During the September 2005 quarter wholesale and retail production
represented 58.5% and 41.5% of total production, respectively,
compared to 67.2% and 32.8% for the September 2004 quarter and 59.6%
and 40.4% for the second quarter of 2005, excluding the purchased
loans. Management continues to focus on optimizing the retail branch
operating structure and increasing the retail division's percentage of
total production. The Company continues to believe that its retail
franchise represents an important competitive advantage, as it is able
to achieve a higher degree of operating leverage as the division
increases its lending volume. This impact was apparent in the
September 2005 quarter as the higher points and fee retained by the
Company from its retail production made a significant contribution to
the lower net cost to originate reported for the September 2005
quarter.
Credit Quality
The allowance for loan losses for the loans held for investment
portfolio as of September 30, 2005 equaled $33.3 million, or 0.79% of
the loans held for investment portfolio. The Company provided $13.0
million for loan losses during the third quarter of 2005. Total
delinquencies in the loans held for investment portfolio equaled 4.4%
at the end of the September 2005 quarter, compared to 1.9% at the end
of the June 2005 quarter. As in the first two quarters of 2005, the
Company did not experience any credit losses during the September
quarter, primarily due to the early seasoning of the loans held for
investment portfolio and, to a lesser degree, to lower than
anticipated levels of defaults in the loans held for investment
portfolio. The Company continues to anticipate an increase in the
level of delinquencies and credit losses as the loans held for
investment portfolio seasons and less new loans are added to the
portfolio. The Company continues to evaluate exposure to its
production levels and delinquencies as a result of hurricanes Katrina,
Rita and Wilma. While no assurances can be given, the Company
currently believes that its consolidated financial position and
results of operations will not be materially effected by the recent
events.
About Aames Investment Corporation
Aames is a mortgage REIT and, through its subsidiary Aames
Financial Corporation, originates mortgage loans in 47 states. Aames
Financial is a fifty-year old national mortgage banking company
focused primarily on originating subprime residential mortgage loans
through wholesale and retail channels under the name "Aames Home
Loan." To find out more about Aames, please visit www.aames.com.

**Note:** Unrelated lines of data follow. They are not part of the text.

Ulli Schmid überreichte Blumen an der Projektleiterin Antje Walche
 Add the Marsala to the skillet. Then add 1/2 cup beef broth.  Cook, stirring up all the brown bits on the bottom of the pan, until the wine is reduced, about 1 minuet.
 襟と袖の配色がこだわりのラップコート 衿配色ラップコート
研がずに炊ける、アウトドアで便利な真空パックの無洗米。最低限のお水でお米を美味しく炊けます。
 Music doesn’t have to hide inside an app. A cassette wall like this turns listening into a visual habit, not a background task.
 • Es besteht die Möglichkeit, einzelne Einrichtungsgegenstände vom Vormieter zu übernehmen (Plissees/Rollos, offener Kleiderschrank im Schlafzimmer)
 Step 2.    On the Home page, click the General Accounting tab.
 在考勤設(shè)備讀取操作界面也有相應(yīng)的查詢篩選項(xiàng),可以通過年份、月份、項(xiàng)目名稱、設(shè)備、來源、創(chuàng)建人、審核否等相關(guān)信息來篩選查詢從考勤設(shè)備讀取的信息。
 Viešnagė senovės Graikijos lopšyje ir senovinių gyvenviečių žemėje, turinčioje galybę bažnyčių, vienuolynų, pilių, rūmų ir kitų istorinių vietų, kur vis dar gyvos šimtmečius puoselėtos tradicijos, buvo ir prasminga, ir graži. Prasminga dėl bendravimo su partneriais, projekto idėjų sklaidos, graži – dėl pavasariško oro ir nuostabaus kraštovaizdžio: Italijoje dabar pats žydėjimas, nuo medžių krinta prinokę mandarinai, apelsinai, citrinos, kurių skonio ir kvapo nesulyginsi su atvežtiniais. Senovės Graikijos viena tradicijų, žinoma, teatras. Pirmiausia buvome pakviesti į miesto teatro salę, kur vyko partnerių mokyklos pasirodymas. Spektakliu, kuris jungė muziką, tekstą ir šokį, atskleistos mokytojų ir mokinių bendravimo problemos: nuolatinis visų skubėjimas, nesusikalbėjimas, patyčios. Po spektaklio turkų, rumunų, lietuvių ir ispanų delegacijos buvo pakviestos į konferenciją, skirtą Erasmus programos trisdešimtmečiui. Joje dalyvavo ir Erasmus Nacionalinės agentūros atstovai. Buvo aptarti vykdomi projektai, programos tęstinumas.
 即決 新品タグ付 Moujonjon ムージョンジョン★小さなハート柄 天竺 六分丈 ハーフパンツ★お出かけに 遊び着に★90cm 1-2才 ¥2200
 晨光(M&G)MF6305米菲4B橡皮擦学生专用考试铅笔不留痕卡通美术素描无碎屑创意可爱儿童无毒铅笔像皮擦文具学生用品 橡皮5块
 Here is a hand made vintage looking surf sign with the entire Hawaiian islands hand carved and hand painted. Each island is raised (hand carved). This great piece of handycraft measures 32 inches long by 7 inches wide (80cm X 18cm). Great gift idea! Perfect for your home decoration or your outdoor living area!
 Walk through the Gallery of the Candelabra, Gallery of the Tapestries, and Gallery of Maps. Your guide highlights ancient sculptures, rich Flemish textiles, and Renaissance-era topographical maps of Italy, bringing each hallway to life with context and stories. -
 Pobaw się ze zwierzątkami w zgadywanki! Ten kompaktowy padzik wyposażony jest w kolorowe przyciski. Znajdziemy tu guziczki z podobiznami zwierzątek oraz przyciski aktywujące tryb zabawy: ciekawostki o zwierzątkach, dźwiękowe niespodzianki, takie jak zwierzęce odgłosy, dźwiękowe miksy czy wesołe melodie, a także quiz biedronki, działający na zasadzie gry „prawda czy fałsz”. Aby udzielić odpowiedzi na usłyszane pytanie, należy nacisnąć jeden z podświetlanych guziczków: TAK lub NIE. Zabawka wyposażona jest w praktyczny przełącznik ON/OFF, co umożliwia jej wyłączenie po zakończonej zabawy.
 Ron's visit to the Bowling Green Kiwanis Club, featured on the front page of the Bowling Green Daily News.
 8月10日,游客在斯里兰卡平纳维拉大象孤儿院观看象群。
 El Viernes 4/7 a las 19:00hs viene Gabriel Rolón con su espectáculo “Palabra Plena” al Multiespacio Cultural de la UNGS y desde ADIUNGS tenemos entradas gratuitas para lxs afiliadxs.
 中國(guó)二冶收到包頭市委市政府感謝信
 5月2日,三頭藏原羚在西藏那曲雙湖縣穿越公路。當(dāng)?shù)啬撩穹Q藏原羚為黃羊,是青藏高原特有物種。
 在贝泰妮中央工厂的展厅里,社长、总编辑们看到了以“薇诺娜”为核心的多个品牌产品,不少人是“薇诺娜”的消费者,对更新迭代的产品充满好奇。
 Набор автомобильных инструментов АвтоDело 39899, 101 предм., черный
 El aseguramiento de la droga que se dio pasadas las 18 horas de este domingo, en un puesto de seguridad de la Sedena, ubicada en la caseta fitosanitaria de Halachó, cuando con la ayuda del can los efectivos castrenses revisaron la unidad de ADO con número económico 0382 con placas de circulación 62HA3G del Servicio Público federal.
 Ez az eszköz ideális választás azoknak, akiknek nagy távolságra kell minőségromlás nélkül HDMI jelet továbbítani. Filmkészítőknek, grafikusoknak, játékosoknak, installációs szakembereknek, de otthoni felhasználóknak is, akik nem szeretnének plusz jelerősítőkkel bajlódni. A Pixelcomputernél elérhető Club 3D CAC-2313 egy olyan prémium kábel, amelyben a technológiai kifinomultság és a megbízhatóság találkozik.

Information Regarding Forward Looking Statements
This press release may contain forward-looking statements under
federal securities laws. These statements are based on management's
current expectations and beliefs and are subject to a number of trends
and uncertainties that could cause actual results to differ materially
from those described in the forward-looking statements. The risks and
uncertainties that may cause the company's performance and results to
vary include: (i) limited cash flow to fund operations and dependence
on short-term financing facilities; (ii) changes in overall economic
conditions and interest rates; (iii) increased delinquency rates in
the portfolio; (iv) intense competition in the mortgage lending
industry; (v) adverse changes in the securitization and whole loan
market for mortgage loans; (vi) declines in real estate values; (vii)
an inability to originate subprime hybrid/adjustable mortgage loans;
(viii) obligations to repurchase mortgage loans and indemnify
investors; (ix) concentration of operations in California, Florida,
New York and Texas; the occurrence of natural disasters (including the
adverse impact of hurricanes Katrina, Rita and Wilma); (x) extensive
government regulation; and (xi) an inability to comply with the
federal tax requirements applicable to REITs and effectively operate
within limitations imposed on REITs by federal tax rules. For a more
complete discussion of these risks and uncertainties and information
relating to the company, see the Form 10-K for the year ended December
31, 2004 and other filings with the SEC made by the company. Aames
Investment expressly disclaims any obligation to update or revise any
forward-looking statements in this press release.
Further Information
For more information, contact Steven C. Canup, Senior Vice
President, Corporate Development and Investor Relations, in Aames
Investment's Investor Relations Department at (323) 210-5311 or at
infor@aamescorp.com
Financial tables and supplementary information follows.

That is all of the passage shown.